PANDEMIA POR CORONAVIRUS


(Fuente: Alessandri Abogados)

La emergencia sanitaria originada por el COVID-19 ha impactado significativamente en


la actividad productiva, industrial y comercial, provocando graves alteraciones en el
desarrollo de los negocios y en la ejecución de las relaciones contractuales de empresas
y particulares.
Uno de estos impactos dice relación con la obligación del arrendatario de pagar la renta,
en aquellos casos en que no puede hacer uso de la cosa arrendada en los términos
convenidos.
Aplicando la teoría de la frustación del contrato, es posible sostener que cuando el
propósito práctico perseguido por el arrendatario ha desaparecido completamente, se le
debería excusar de su obligación y eventualmente suspender los efectos del contrato.

La emergencia sanitaria producida por el COVID-19 ha tenido por consecuencia una alteración
importante en la actividad económica y social del país. A la fecha, las medidas restrictivas de la libre
circulación, reunión y desarrollo de actividades económicas se han incrementado, y es previsible que
esa tendencia se mantenga por un período de tiempo relativamente importante.

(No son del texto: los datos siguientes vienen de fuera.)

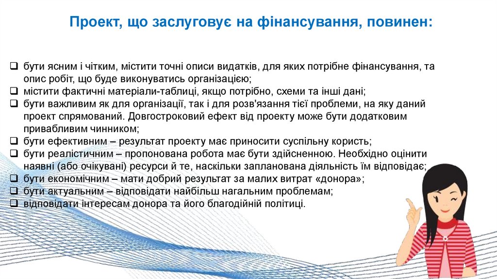 Проект, що заслуговує на фінансування, повинен:бути ясним і чітким, містити точні описи видатків, для яких потрібне фінансування, та
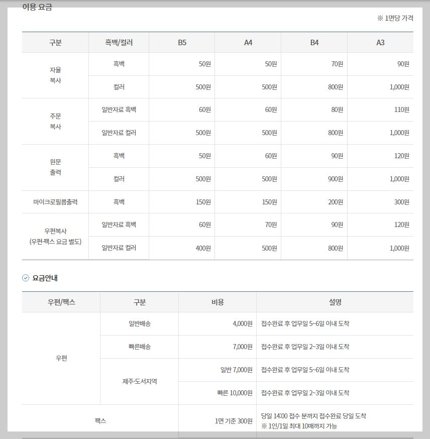 비록 1/3밖에 신청할 수 없지만 구하기 어려운 책을 나름 간단한 방법으로 구할 수 있어 좋다고 생각했다. 따로 결재요청은 없었는데 신청내역을 확인해보니 접수 중으로 보인다. 아무래도 무료는 아닐 것 같아서 자료를 찾아봤더니 역시나 친절하게 안내되어있었다. 흑백과 컬러의 가격차가 어마어마하다. 나는 총 110페이지를 별생각 없이 컬러로 신청했는데 총비용이 55000원이다. 딱히 컬러가 필요한 것도 아니니 얼른 취소하고 흑백으로 신청을 변경해야겠다. ㅎㅎ 얼른얼른.
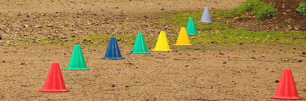 | 10 | Trefování kuželů. | Účastníci jsou rozděleni do dvou týmů a seřazeni v řadách za základní čárou. Mezi nimi jsou umístěny vyšší kužele. | Počet kuželů je minimálně stejný jako počet účastníků. Kužele lze nahradit plastovými lahvemi. | |
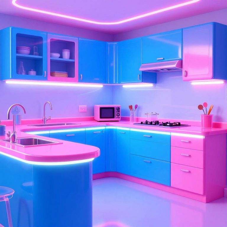 Y2K kitchen interior featuring colorful plastic cabinets in bright blues and pinks, curved counters with a high-gloss finish, futuristic lighting with glowing strips, and transparent furniture, highlighting the playful and bold technological optimism of the early 2000s.
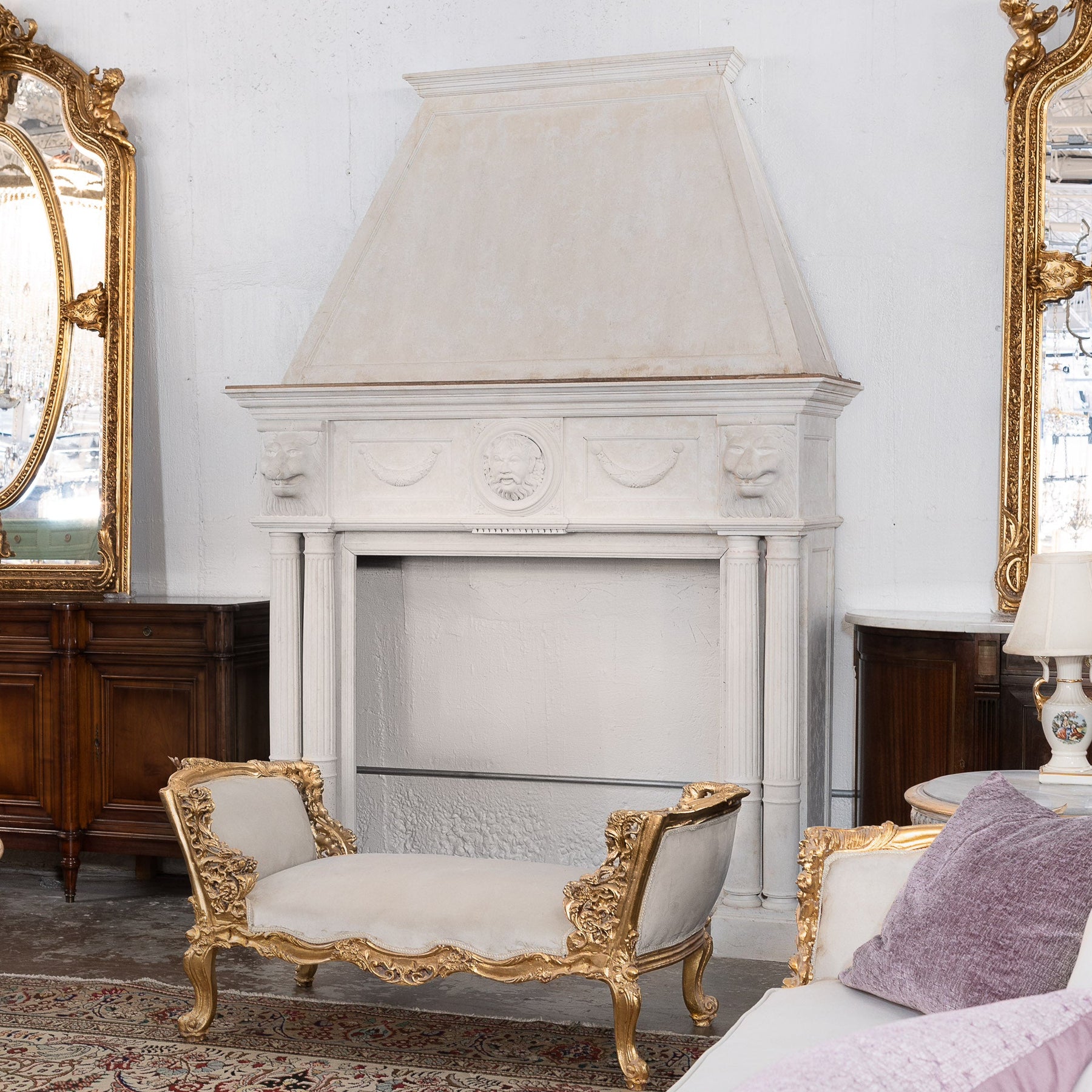 This elegantly crafted mantel exudes classical refinement, featuring a stately hood supported by robust columns. The white stone provides a luminous contrast that enhances its sculptural qualities. Decorative medallions and lion head motifs add a touch of grandeur, reflecting the majestic artistry typical of neoclassical design. This piece is not just a fireplace surround but a statement of timeless taste, sure to anchor a room with its commanding presence and historical significance.

Una de esas consecuencias es la limitación, legal o de facto, para el desarrollo de ciertas actividades
comerciales o industriales. Ello ha llevado al cierre de espacios comerciales, de esparcimiento,
productivos y de construcción. Asimismo, aun cuando la actividad respectiva no haya debido
suspender su operación forzosamente, las demás medidas dictadas por la autoridad pueden haber
tenido como consecuencia una baja ostensible en su actividad comercial (por ejemplo, disminución
importante de clientela o dificultades para distribuir su producción) con bajas importantes de ingresos
y flujos.

La pregunta que cabe resolver es cómo tales impactos negativos se reflejan en las relaciones
contractuales que tales empresas tienen con terceros. Por supuesto, la respuesta variará según cuál
sea dicha relación contractual, por ejemplo, con proveedores, acreedores, dependientes, etc.; como
asimismo, el estatuto legal aplicable: Código Civil o de Comercio, legislación laboral, de consumo u
otros.

Esta cuestión tiene especial relevancia respecto a contratos de arriendo vigentes, en los cuales el
arrendatario no puede hacer uso de la cosa arrendada o sólo puede hacer un uso limitado de ella,
debido a la crisis sanitaria. La interrogante a responder es si, bajo tales circunstancias, el arrendatario
se encuentra eximido del pago de la renta. Este problema puede examinarse a partir de distintas
instituciones jurídicas.
La fuerza mayor o caso fortuito
Una primera aproximación, quizás la más intuitiva, es recurrir a la fuerza mayor como eximente de
responsabilidad para el arrendatario. El impedimento sería la imposibilidad de usar la cosa arrendada
para su fin natural o convencional, a causa de la fuerza mayor, constituida por la prohibición decretada
por la autoridad.

La dificultad para aplicar el concepto de fuerza mayor a una obligación de dinero, como es la de pagar
la renta, es evidente. Es difícil – sino insostenible – plantear que respecto a una obligación de esta
naturaleza, puede concurrir el requisito de la irresistibilidad. En efecto, las obligaciones de dinero son
por definición obligaciones de género, siendo además el dinero una cosa fungible. En otras palabras,
el cumplimiento de una obligación de dinero no puede hacerse imposible, ya que siempre será factible
– jurídicamente – para el deudor pagar. El dinero no se extingue, y el riesgo de disponer de una
cantidad suficiente para pagar es del deudor. En definitiva: no hay ningún impedimento material o
jurídico para que el arrendatario cumpla su obligación, esto es, pagar la suma de dinero pactada como
renta.

Asimismo, puede sostenerse que el arrendador no ha incumplido sus obligaciones, ya que la cosa se
encuentra disponible para el arrendatario, sin perjuicio que por un hecho externo no pueda darle el
uso que pretende.

Parece claro entonces que no cabe alegar fuerza mayor o caso fortuito respecto de una obligación
de dinero, ya sea como causa de extinción de la misma por imposibilidad sobrevenida, ni como
eximente de responsabilidad por su incumplimiento.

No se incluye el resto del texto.